There are more plot options inside pandas.tools.plotting:


In [ ]:
# Is there correlations between the northern and southern sea level timeseries we loaded?
from pandas.tools.plotting import scatter_matrix
scatter_matrix(mean_sea_level, figsize=LARGE_FIGSIZE);

We will confirm the correlations we think we see further down...
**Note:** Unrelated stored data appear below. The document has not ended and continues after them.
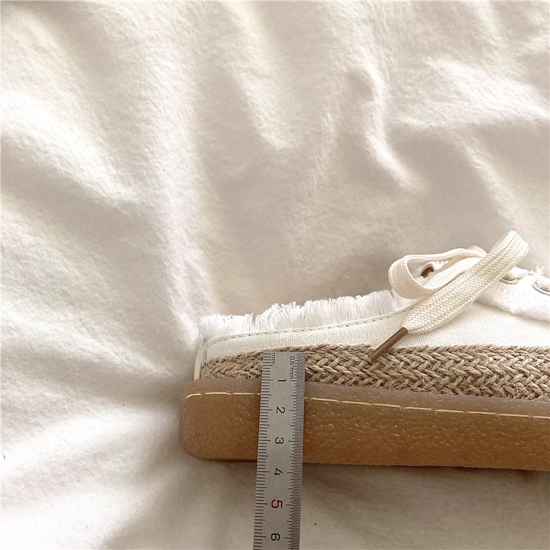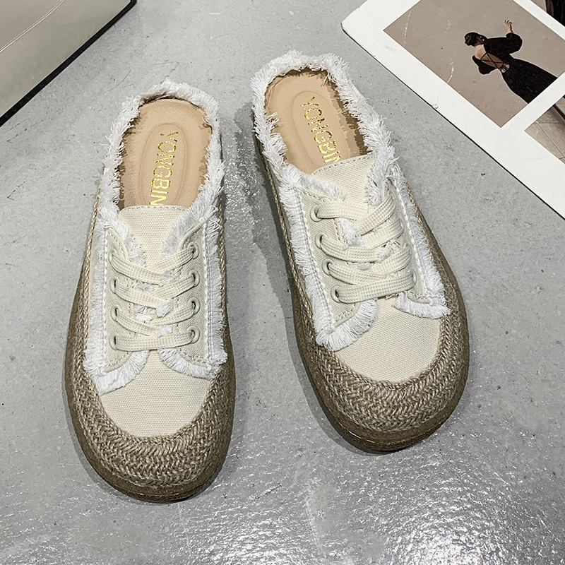 Q-Shed Jelly Bottom 새로운 도착 게으른 휴가 스타일 하프 슬리퍼 캔버스 슈즈 여성용 Summer Ins 탑 커버 게으른 샌들과 슬리퍼
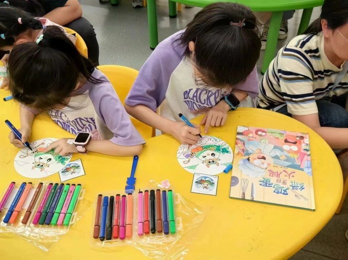 绘本讲读结束后,小林姐姐为孩子们准备了画着粽子、龙舟、香囊等端午节元素的扇子,鼓励他们发挥想象力,为扇子涂上漂亮的颜色。孩子们纷纷拿起画笔,在扇子上尽情挥洒创意,一把把独具特色的扇子在他们的巧手中诞生。
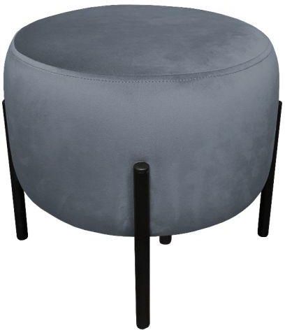 Pufa WILFRED BL VELVET ciemnoszara tapicerowana tkaniną aksamitną osadzona jest na metalowych nogach w kolorze czarnym.
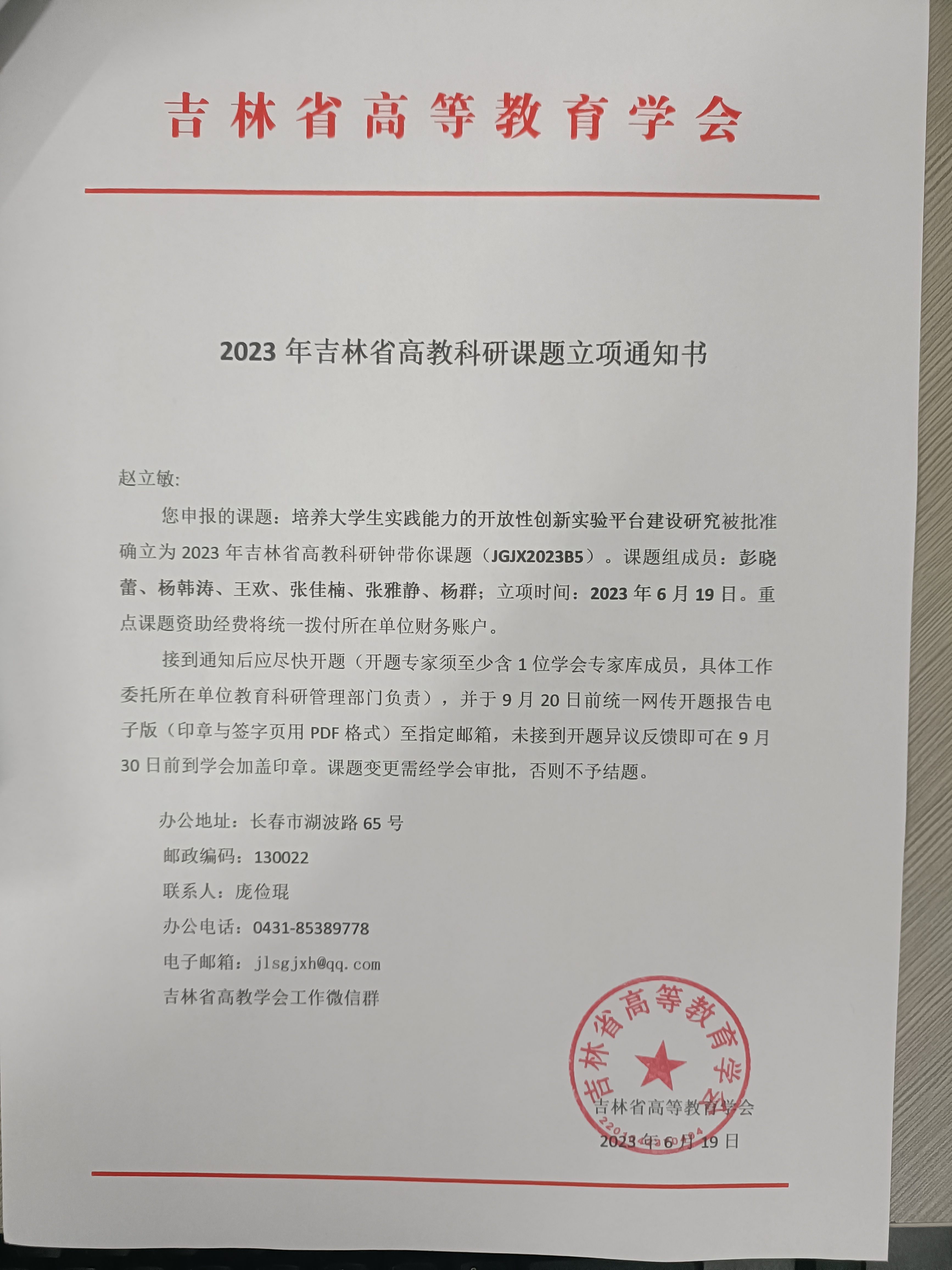 经各高校申报,省高教学会组织专家组初评、复评和终评,中心赵立敏负责的“培养大学生实践能力的开放性创新实验平台建设研究”项目,被确立为2023年吉林大学高教科研课题重点项目,项目编号JGJX2023B5。2023年吉林大学高教科研课题重点项目共立项58项,其中重点课题6项、重点自筹课题10项、一般课题42项。相关信息可在吉林省高等教育学会官方网站(

EXERCISE: Refer to exercises/aapl_adj_close_plot/aapl_adj_close_plot.ipynb

5. Accessing data

The general philosophy for accessing values inside a Pandas datastructure is that, unlike a numpy array that only allows to index using integers a Series allows to index with the values inside the index. That makes the code more readable.

In a series


In [ ]:
full_globe_temp

In [ ]:
# By default [] on a series accesses values using the index, not the location in the series
# print(temp1[0])  # This would to fail!!

In [ ]:
# This index is non-trivial though (will talk more about these datetime objects further down):
full_globe_temp.index.dtype

In [ ]:
first_date = full_globe_temp.index[0]
first_date == pd.Timestamp('1880')

In [ ]:
# By default [] on a series accesses values using the index, not the location in the series
print(full_globe_temp[pd.Timestamp('1880')])
# print(temp1[0])  # This would fail!!

In [ ]:
# Another more explicit way to do the same thing is to use loc
print(full_globe_temp.loc[pd.Timestamp('1990')])
print(full_globe_temp.iloc[0], full_globe_temp.iloc[-1])

In [ ]:
# Year of the last record?
full_globe_temp.index[-1]

In [ ]:
# New records can be added:
full_globe_temp[pd.Timestamp('2011')] = np.nan

In a dataframe


In [ ]:
# In 2D, same idea, though in a DF [] accesses columns (Series)
giss_temp["Jan"]

In [ ]:
# while .loc and .iloc allow to access individual values, slices or masked selections:
print(giss_temp.loc[1979, "Dec"])

In [ ]:
# Slicing can be done with .loc and .iloc
print(giss_temp.loc[1979, "Jan":"Jun"])  # Note that the end point is included unlike NumPy!!!
print(giss_temp.loc[1979, ::2])

In [ ]:
# Masking can also be used in one or more dimensions. For example, another way to grab every other month for the first year:
mask = [True, False] * 6
print(giss_temp.iloc[0, mask])
print(giss_temp.loc[1880, mask])

In [ ]:
# We could also add a new column like a new entry in a dictionary
giss_temp["totals"] = giss_temp.sum(axis=1)
giss_temp

In [ ]:
# Let's remove this new column, we will learn to do this differently
giss_temp = giss_temp.drop("totals", axis=1)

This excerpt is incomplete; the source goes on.